**Dataset records**
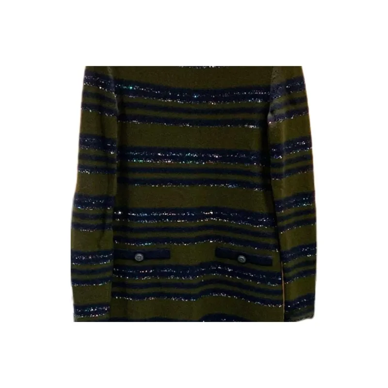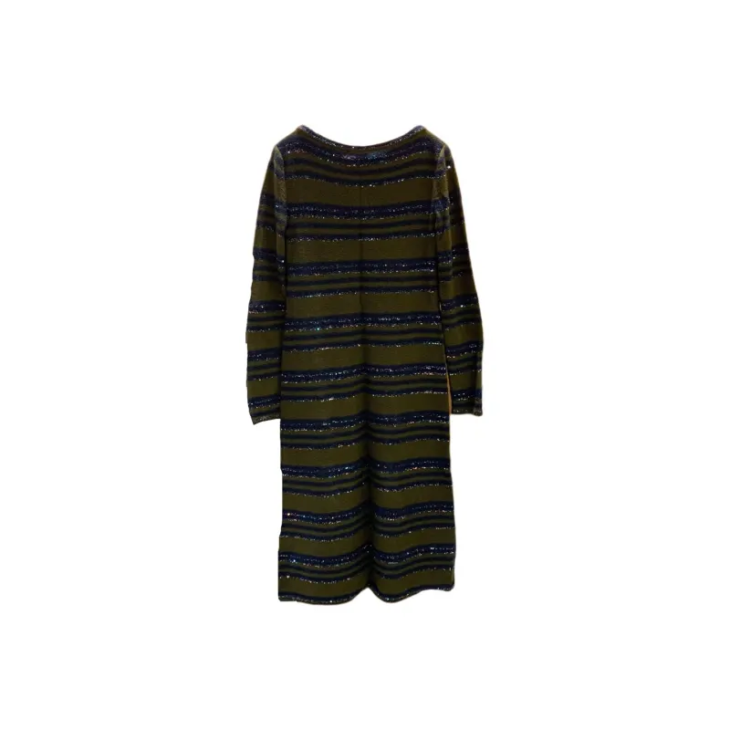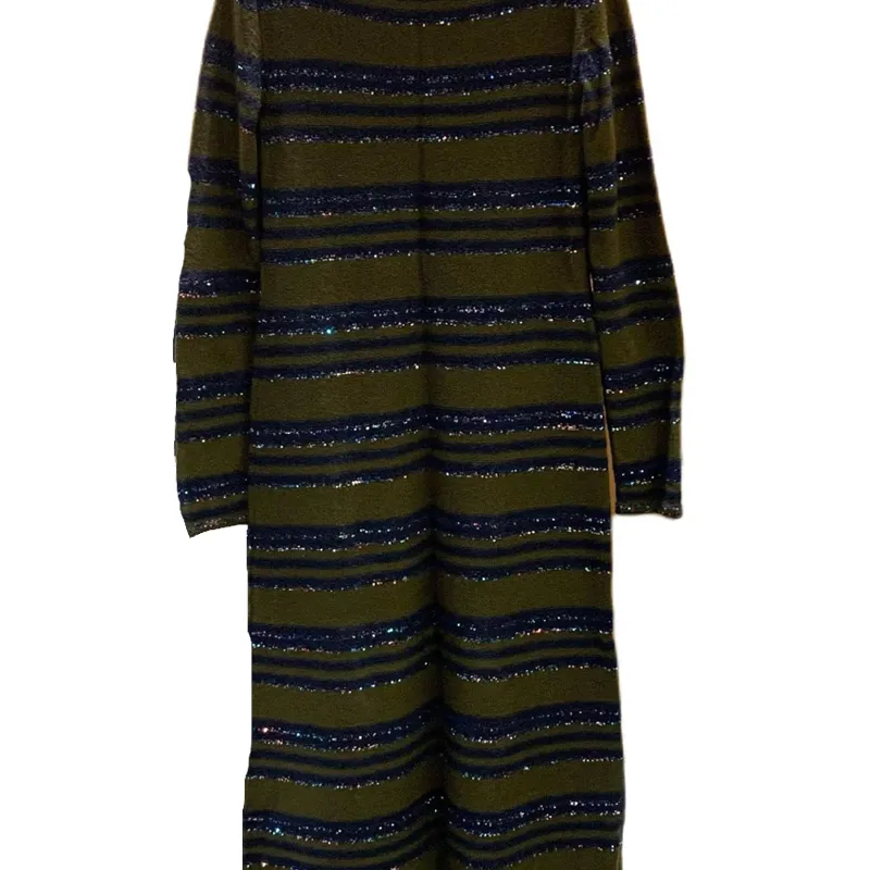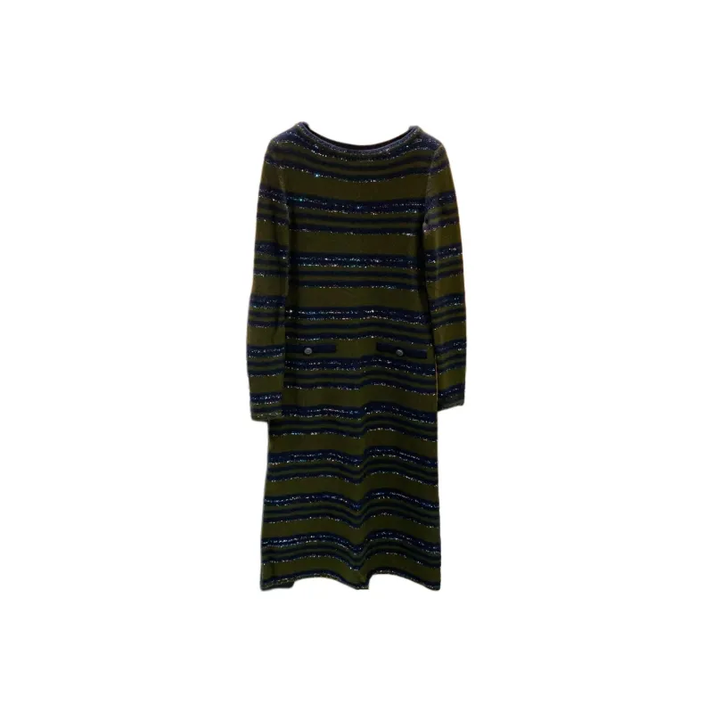 CHANEL Длинное платье с длинными рукавами женское темно-зеленое
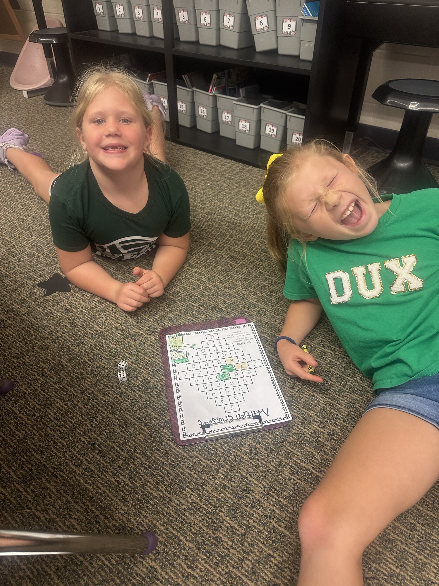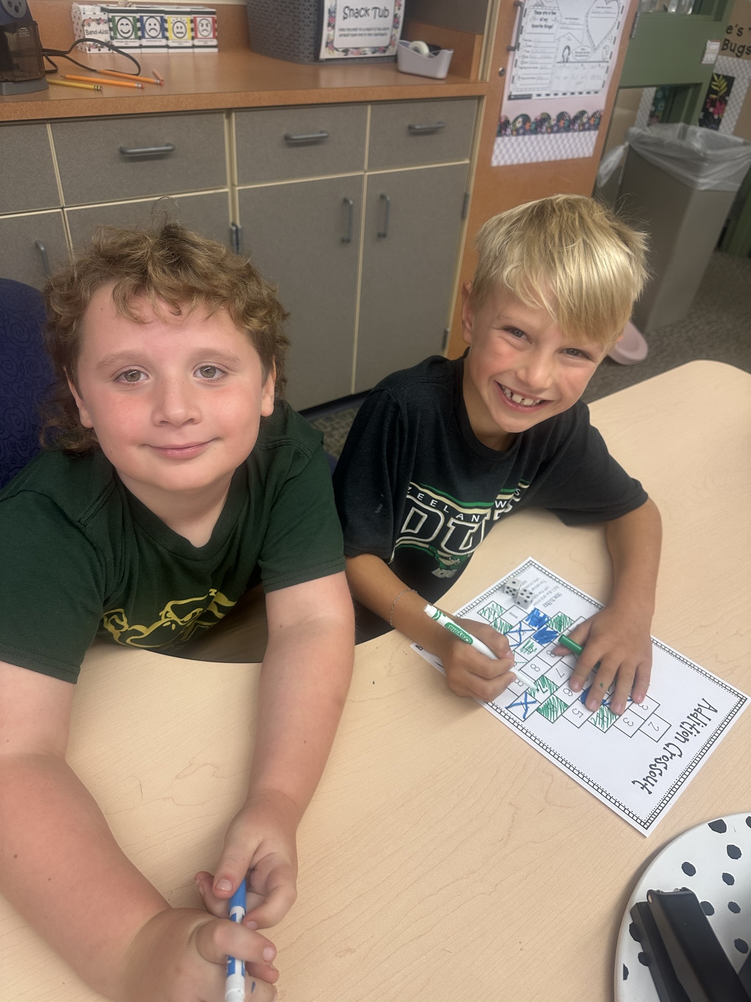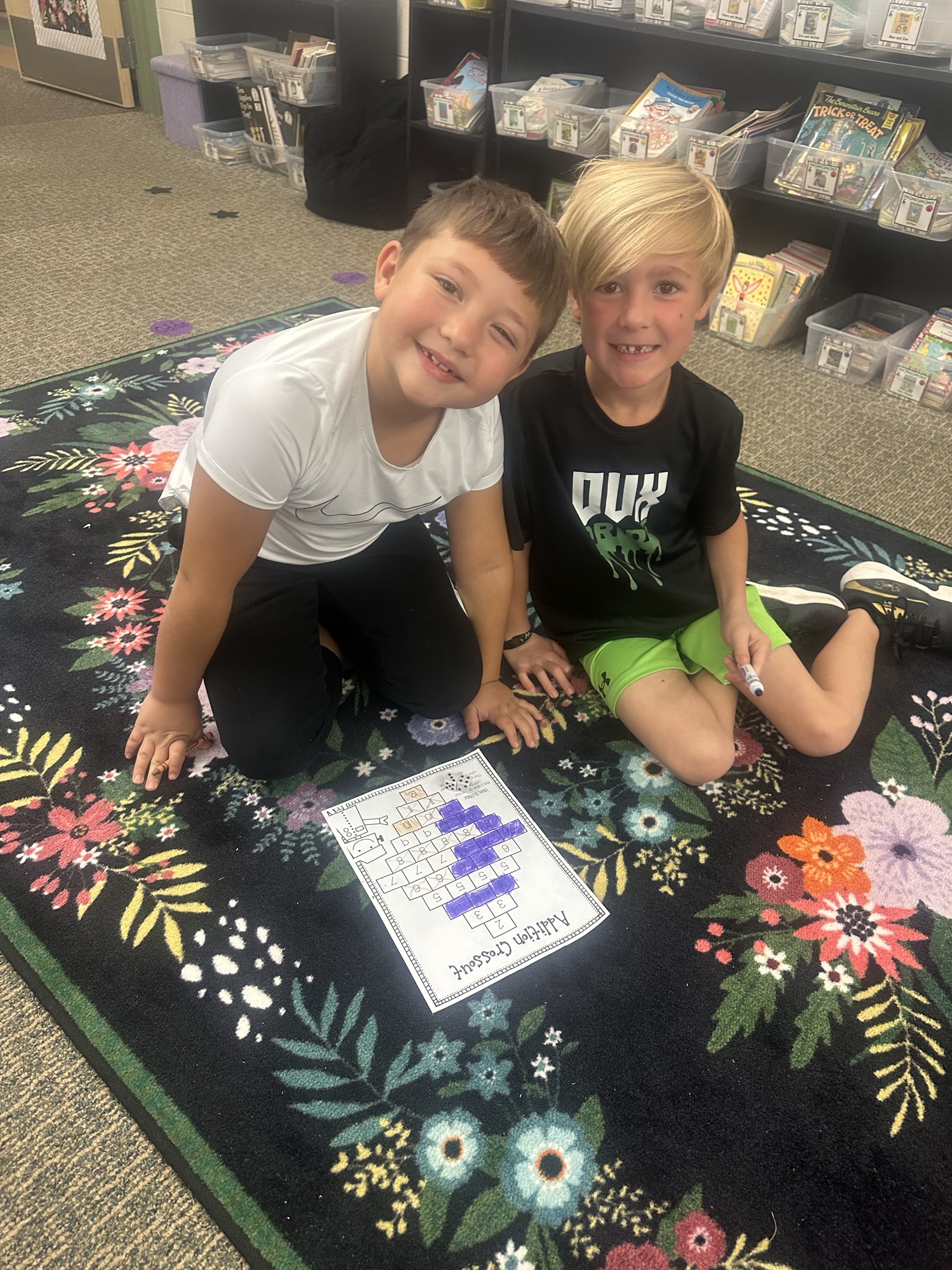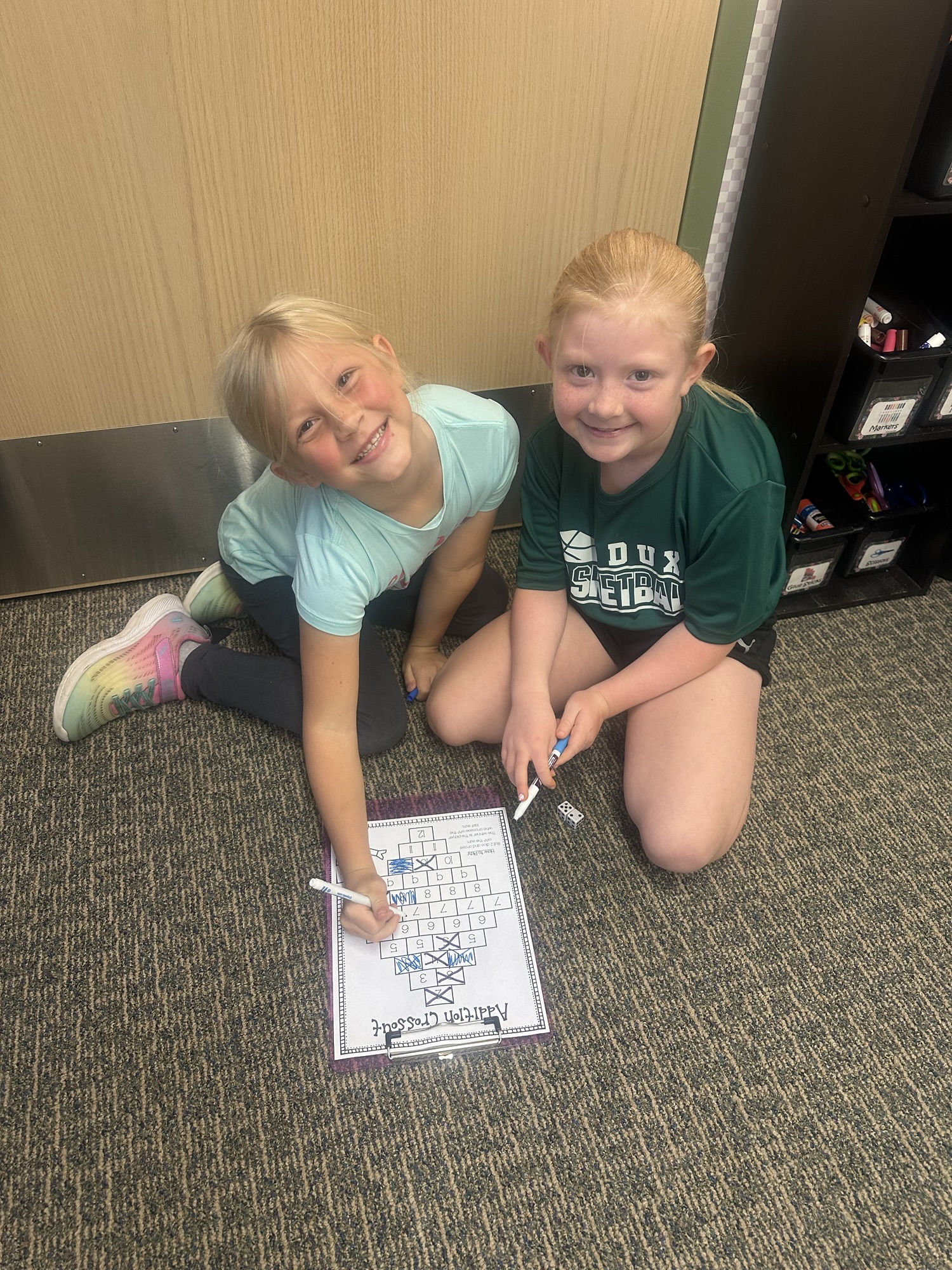 When our math lesson is finished each day, we have some time to play math games from our math shelf! They are a fun way to practice math facts and skills with friends. Check out the Lightning Bugs playing Addition Crossout.
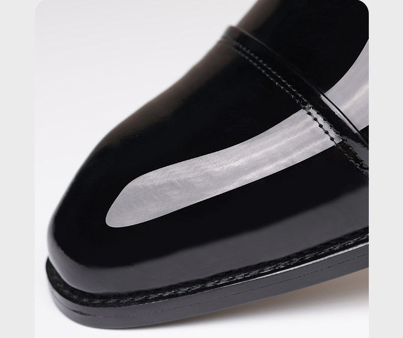 The slip on makes it easy to put on and take off, neat stitching enhances the durability of the shoe, and the smooth patent leather and patchwork upper make this dress shoe fashionable and versatile, giving you confidence.
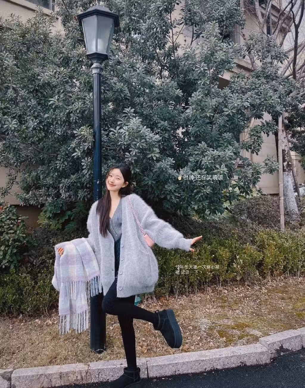 趙露思曬元宵節戶外隨拍 身披毛衣化身活潑小灰兔
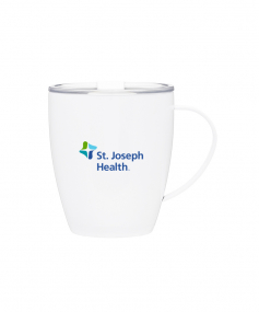 12 oz double wall 18/8 stainless steel thermal mug with copper vacuum insulation, clear acrylic push-on lid, and matching swivel; Hand wash recommended; Do not microwave; 4-7/16" h x 4"w (4-7/8 with handle) ; 355mL.
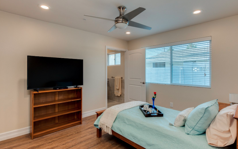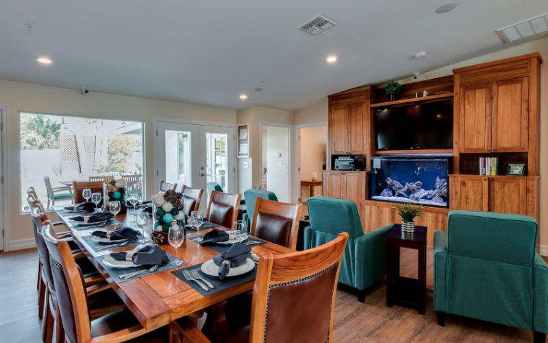 This 4,500-square-foot assisted living home has 10 bedrooms, all with private bathrooms. The open and modern kitchen connects to the living room and the dining room that looks out to Camelback Mountain. These living spaces open up to a patio and connected backyard. The living room features a large saltwater fish tank with beautiful fish and the sound of the water is soothing during activities. The backyard is perfect for a stroll and includes a garden for those who have a green thumb.
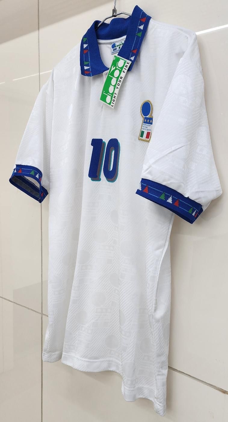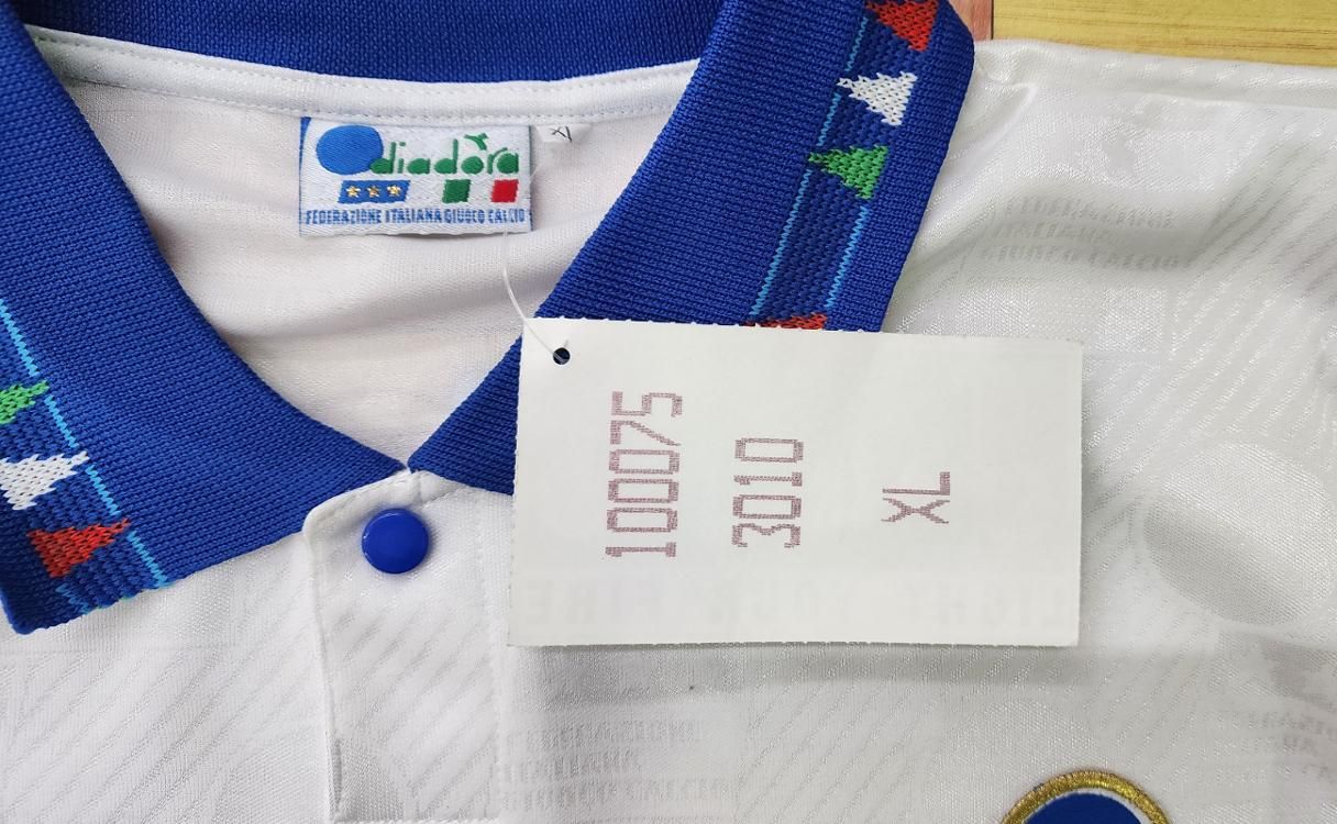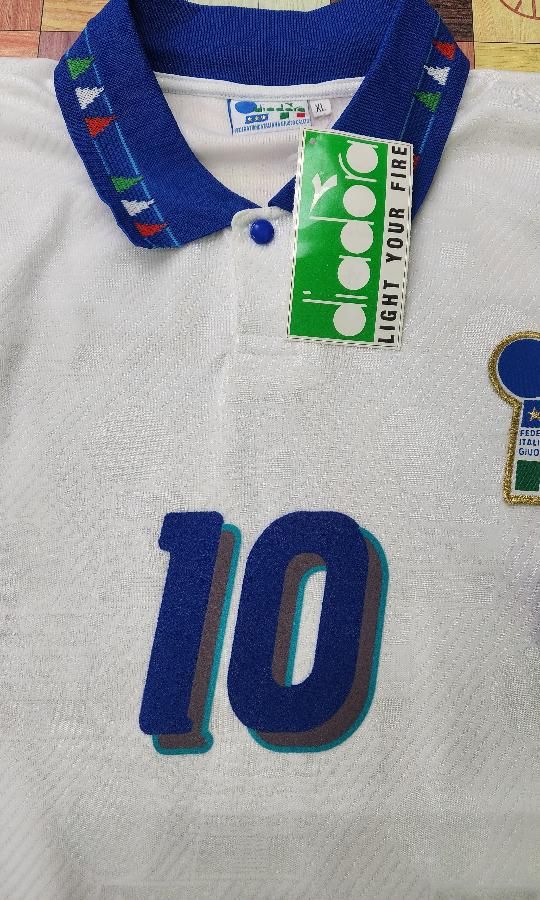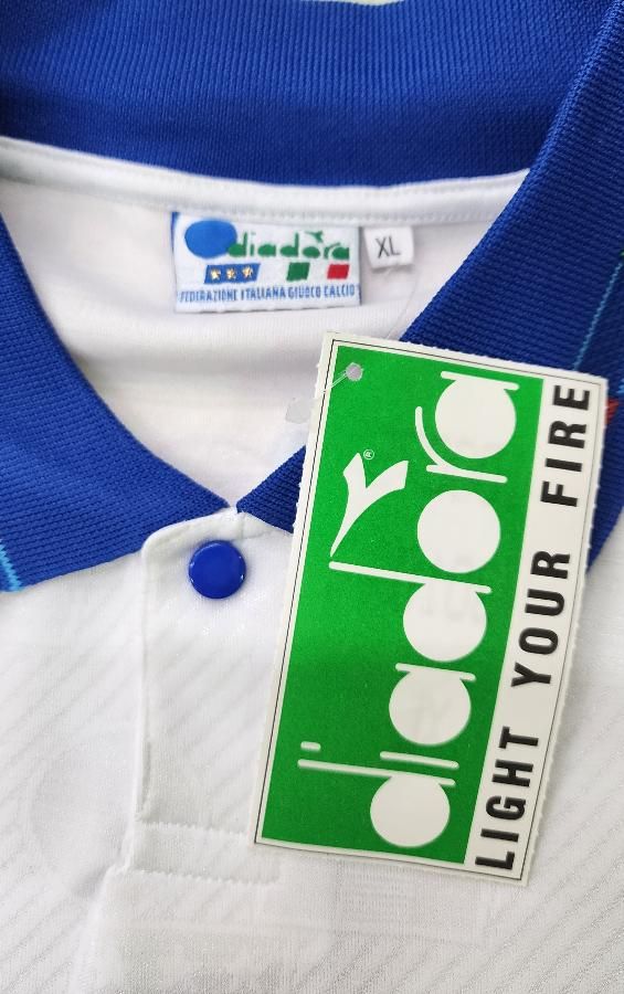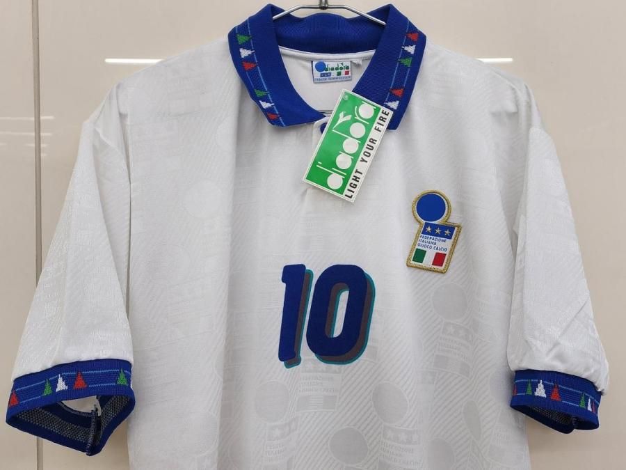 diadora社製 イタリア代表(A)1994 W杯 R,バッジョ#10 新品、未使用、紙タグ付きのデッドストックユニフォームでございます! 生地全体にクレスト模様が織り込まれております。 左胸のクレストは金刺繍のワッペン型です。 襟元にボタンが付いております。 襟周り、袖口は三色のイタリアカラーのデザインになります。 フロック素材3色の背番号、胸番号になります。 アメリカ94W杯で着用モデルでございます。当時物でございます。復刻ではございません。
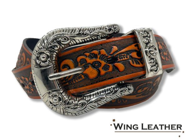 - 新品 ウエスタン レザー ベルト メンズ 本革 牛革 型押し カウボーイ ベルト プンターレ アメリカン カジュアル cnk040-CAMEL
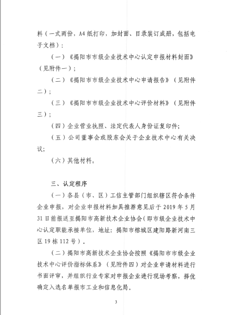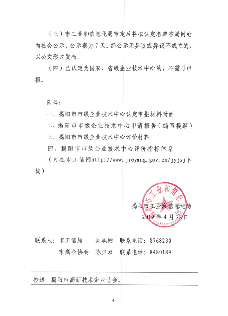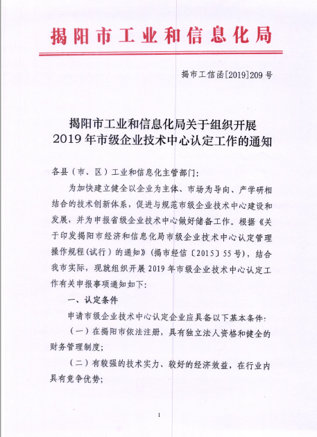 揭陽市工業(yè)和信息化局關(guān)于組織開展2019年市級(jí)企業(yè)技術(shù)中心認(rèn)定工作的通知
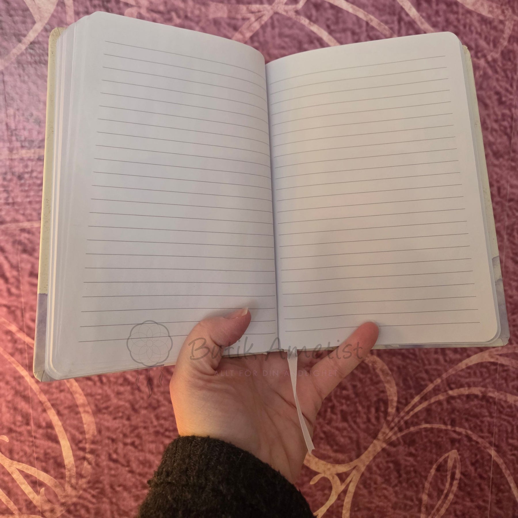 Fin skrivbok i A5-format med hårda pärmar. Linjerade sidor, och sidenband som bokmärke.

**Exercise goal**
Print every entry exactly. Pictures are not part of the copy.

**Exercise response**
 CHANEL Длинное платье с длинными рукавами женское темно-зеленое
 When our math lesson is finished each day, we have some time to play math games from our math shelf! They are a fun way to practice math facts and skills with friends. Check out the Lightning Bugs playing Addition Crossout.
 The slip on makes it easy to put on and take off, neat stitching enhances the durability of the shoe, and the smooth patent leather and patchwork upper make this dress shoe fashionable and versatile, giving you confidence.
 趙露思曬元宵節戶外隨拍 身披毛衣化身活潑小灰兔
 12 oz double wall 18/8 stainless steel thermal mug with copper vacuum insulation, clear acrylic push-on lid, and matching swivel; Hand wash recommended; Do not microwave; 4-7/16" h x 4"w (4-7/8 with handle) ; 355mL.
 This 4,500-square-foot assisted living home has 10 bedrooms, all with private bathrooms. The open and modern kitchen connects to the living room and the dining room that looks out to Camelback Mountain. These living spaces open up to a patio and connected backyard. The living room features a large saltwater fish tank with beautiful fish and the sound of the water is soothing during activities. The backyard is perfect for a stroll and includes a garden for those who have a green thumb.
 diadora社製 イタリア代表(A)1994 W杯 R,バッジョ#10 新品、未使用、紙タグ付きのデッドストックユニフォームでございます! 生地全体にクレスト模様が織り込まれております。 左胸のクレストは金刺繍のワッペン型です。 襟元にボタンが付いております。 襟周り、袖口は三色のイタリアカラーのデザインになります。 フロック素材3色の背番号、胸番号になります。 アメリカ94W杯で着用モデルでございます。当時物でございます。復刻ではございません。
 - 新品 ウエスタン レザー ベルト メンズ 本革 牛革 型押し カウボーイ ベルト プンターレ アメリカン カジュアル cnk040-CAMEL
 揭陽市工業(yè)和信息化局關(guān)于組織開展2019年市級(jí)企業(yè)技術(shù)中心認(rèn)定工作的通知
 Fin skrivbok i A5-format med hårda pärmar. Linjerade sidor, och sidenband som bokmärke.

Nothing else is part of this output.